In the past, the problem of illegal scallop dredging has been characterised as one of a few rogue boats. Indeed Marine Scotland once said the situation was “slightly overstated” and the Environment Minister appears to recently reaffirm this view in a Chamber response to the Scottish Parliament:
“Our records show that over the period of the last year [2018] there have been 11 reports of activity by scallop dredging vessels in Marine Protected Areas or other areas where fishing is restricted. It is not possible to say in how many of these reports an offence has been committed, nor how many reports relate to the same instance.”
This latest report and evidence of suspicious activity in the Sound of Mull is not an isolated incident. It follows the catalogue of known illegal dredging events in the past 24 months. A cris-cross of dredge marks were observed in Gairloch, a protected herring spawning ground; damaged shells with fresh meat and disturbed seabed were observed deep inside the Firth of Lorn Special Area of Conservation.
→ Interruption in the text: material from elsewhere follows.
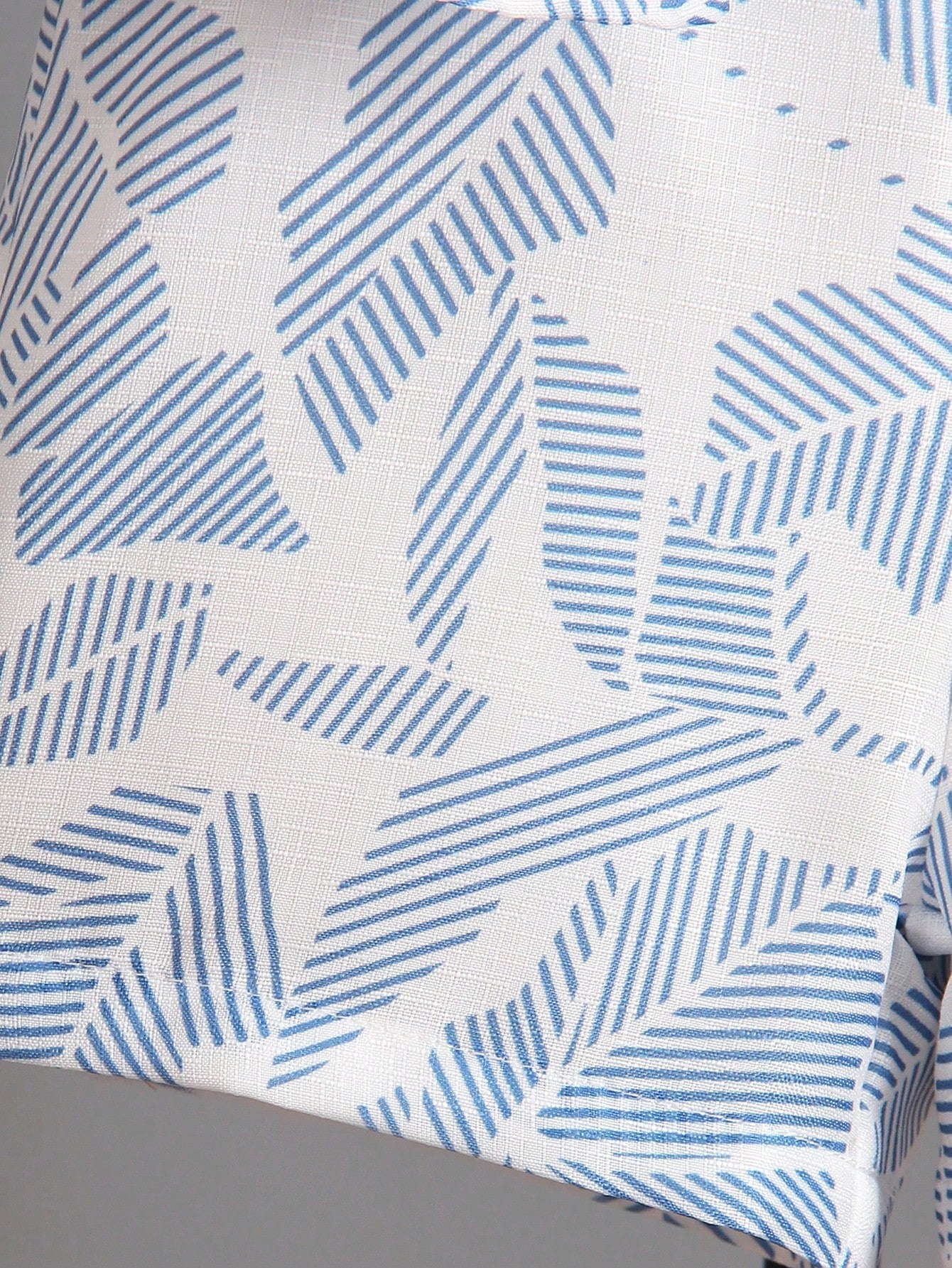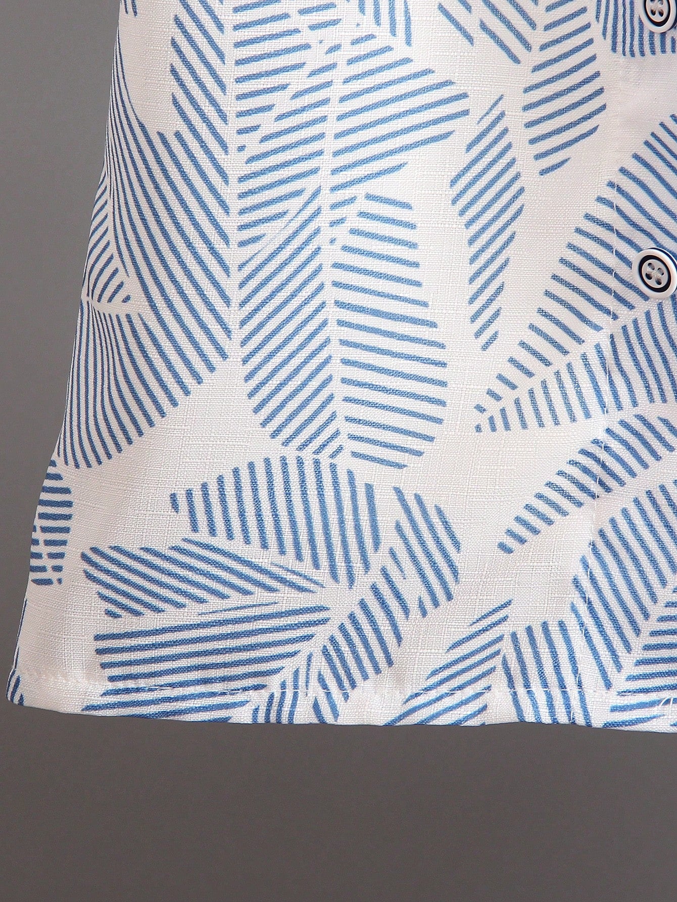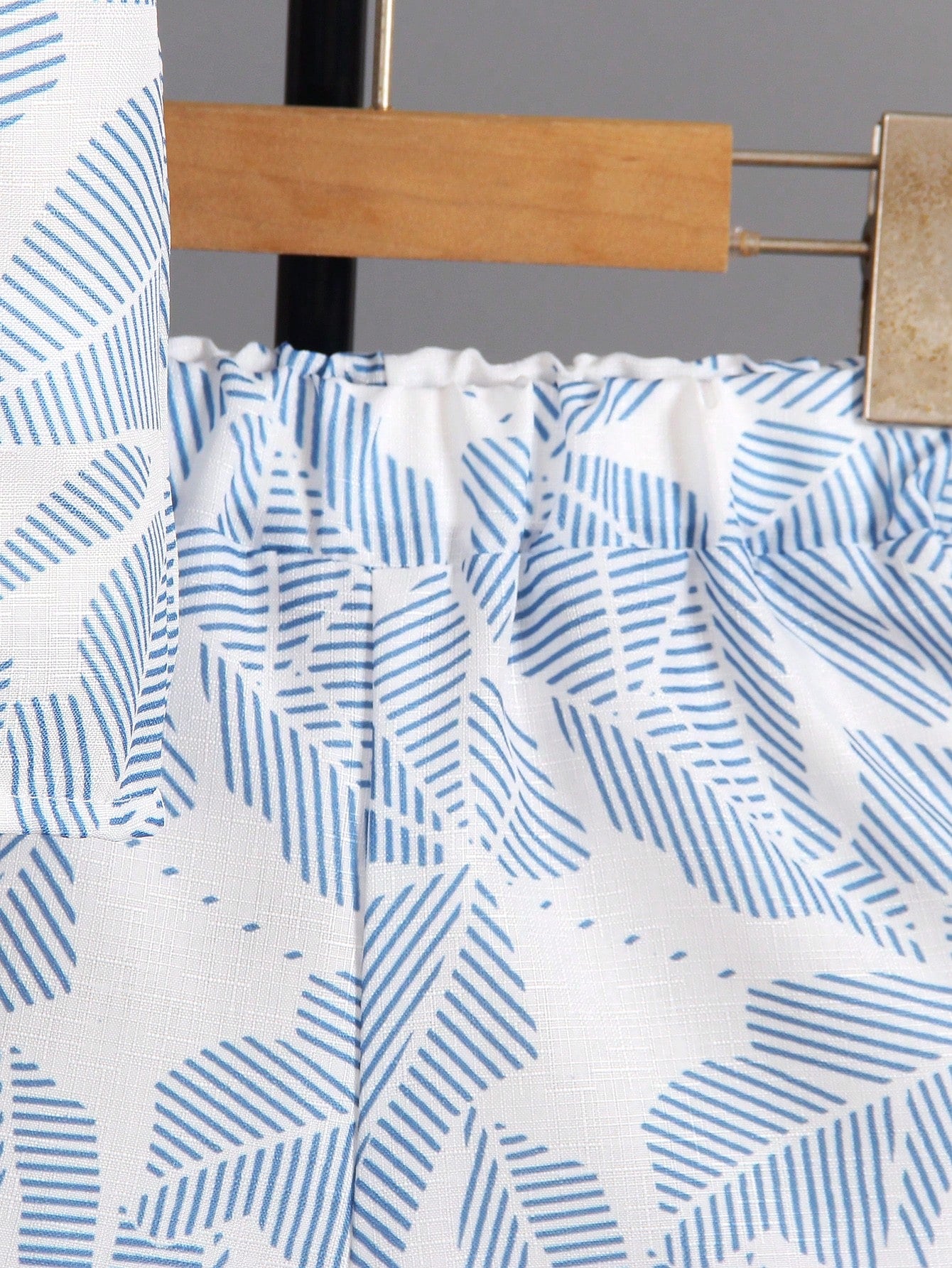 Young Boy 2-Piece Linen Tropical Plant Printed Short Sleeve Shirt And Shorts Set, Suitable For Holiday

Scallop dredging has been banned for almost three years in some MPAs, and yet issues of suspicious and illegal scallop dredging persist. Many vessels continue to “go dark” – switching off their AIS soon after leaving port hiding where they dredge. Many vessels are also choosing to operate during the hours of darkness – and shoreline witnesses have testified to having seen suspicious activity at night-time inside MPAs. Because much of the fleet has no adequate vessel tracking in place, the Scottish Government is currently powerless to keep a watch over this problem. Our briefing on vessel monitoring details the problem.
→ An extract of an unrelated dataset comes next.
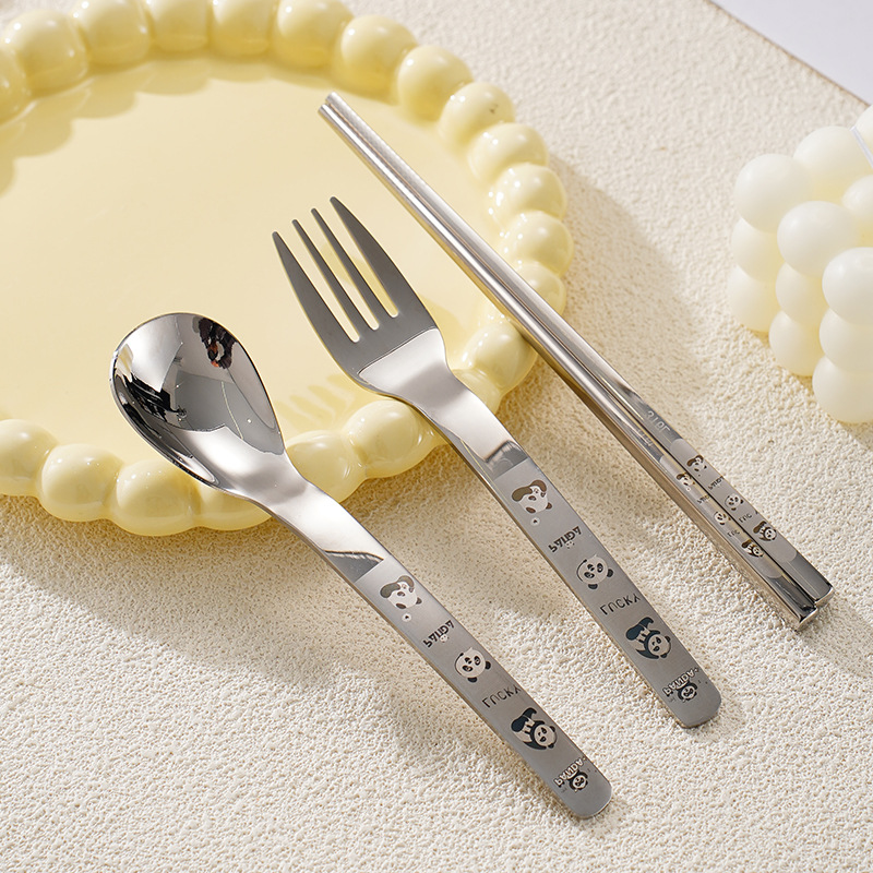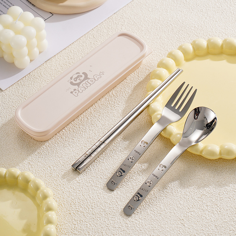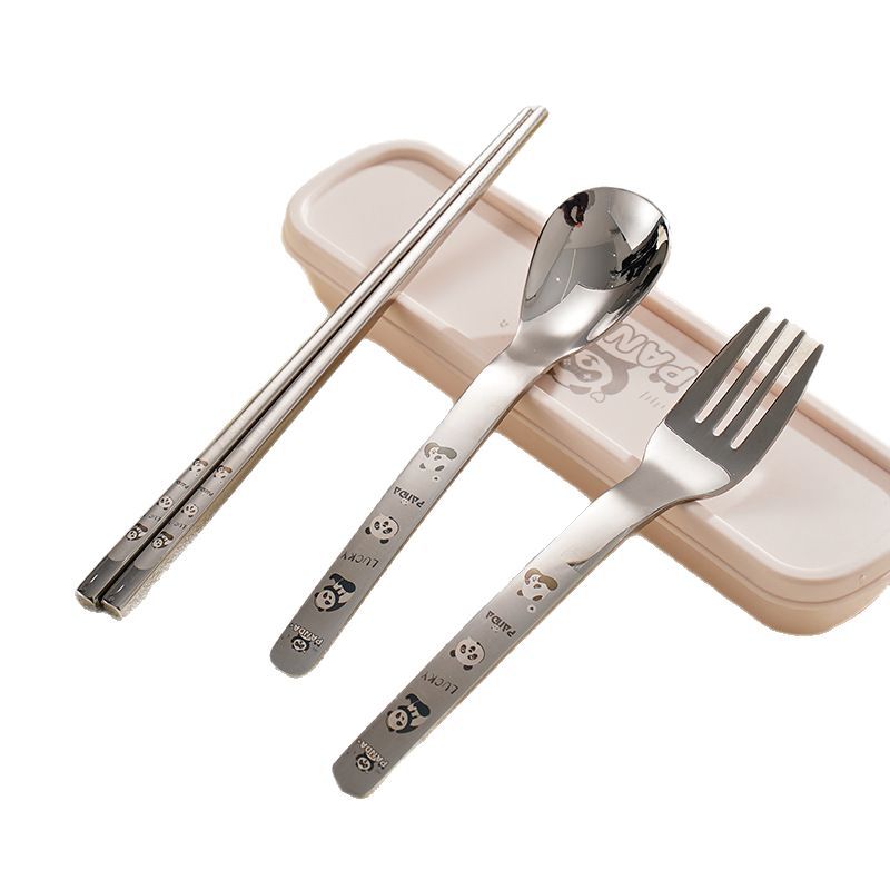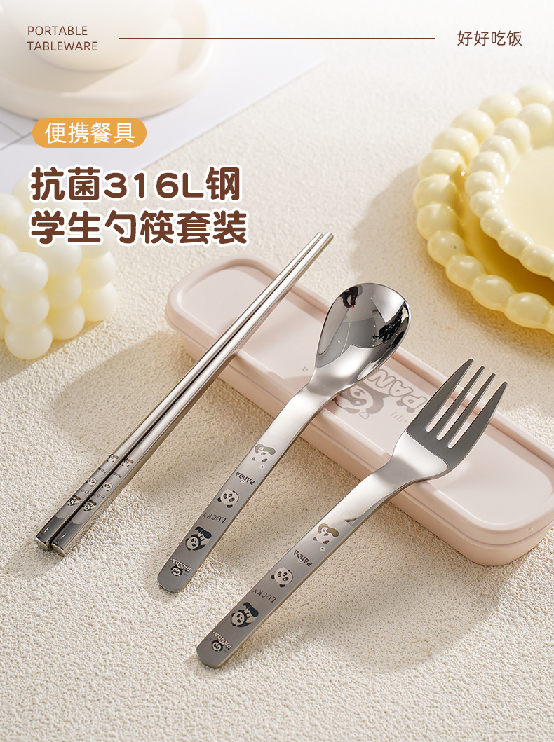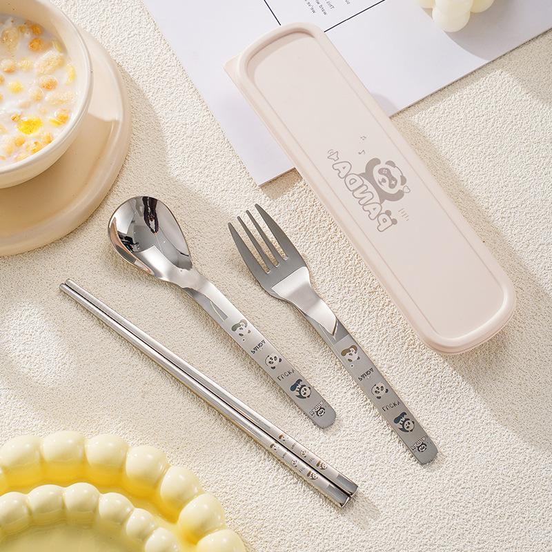 316 스테인레스 스틸 스푼과 포크 젓가락 식기 세트 창의적인 만화 작업 야외 휴대용 어린이 숟가락 포크를 먹고

Scallop dredgers operate “out of sight, out of mind and cause decades worth of damage in just a few hours”
Watch 📺 BBC Reporting Scotland coverage on #scallopdredging in Gairloch. Time #Scotgov stepped up to sort this out. Vessel tracking alone will not stop this kind of damage pic.twitter.com/x7L77byzGh
— Open Seas (@TheOpenSeas) November 20, 2018
Until resolved, one result is that unsubstantiated claims of sustainability risk being slapped on seafood products and shellfish, which have been illegally dredged or trawled from MPAs and are entering the supply chain. We have written extensively about the traceability problem in Scotland’s inshore fisheries here (Grey Fish – Scotland’s Seafood Traceability Problem), The seafood sector needs to start asking where its scallops are coming from, and making sure it can be 100% confident in the answer.
What can be done?
Open Seas contends that the immediate implementation of vessel monitoring should be prioritised for the scallop dredge fleet. Many inshore fishing associations have been urging for vessel monitoring for years and in the wake of illegal dredging on a spawning ground in Gairloch, the Scottish Whitefish Producers Association indicated that they would seek to lobby the Scottish Government to make this happen stating that “[t]here can be no credible or rational excuse to delay its introduction.” Yet in the following two months vessels within the scallop fleet have continued to operate with apparent impunity.
So we are yet again are calling for proper vessel tracking to be put on all scallop dredge vessels working in Scotland’s seas: not in 2020, not later this year, but urgently. This vessel tracking must be tamper-proof, high-resolution and be coupled with gear sensors, such that when a vessel is actively dredging this can be definitively matched to its location such that there would be adequate evidence of any illegal activity.
We are also joining broader calls for the Scottish Parliament to properly investigate this issue, and the Scottish Government’s ability to effectively resolve it.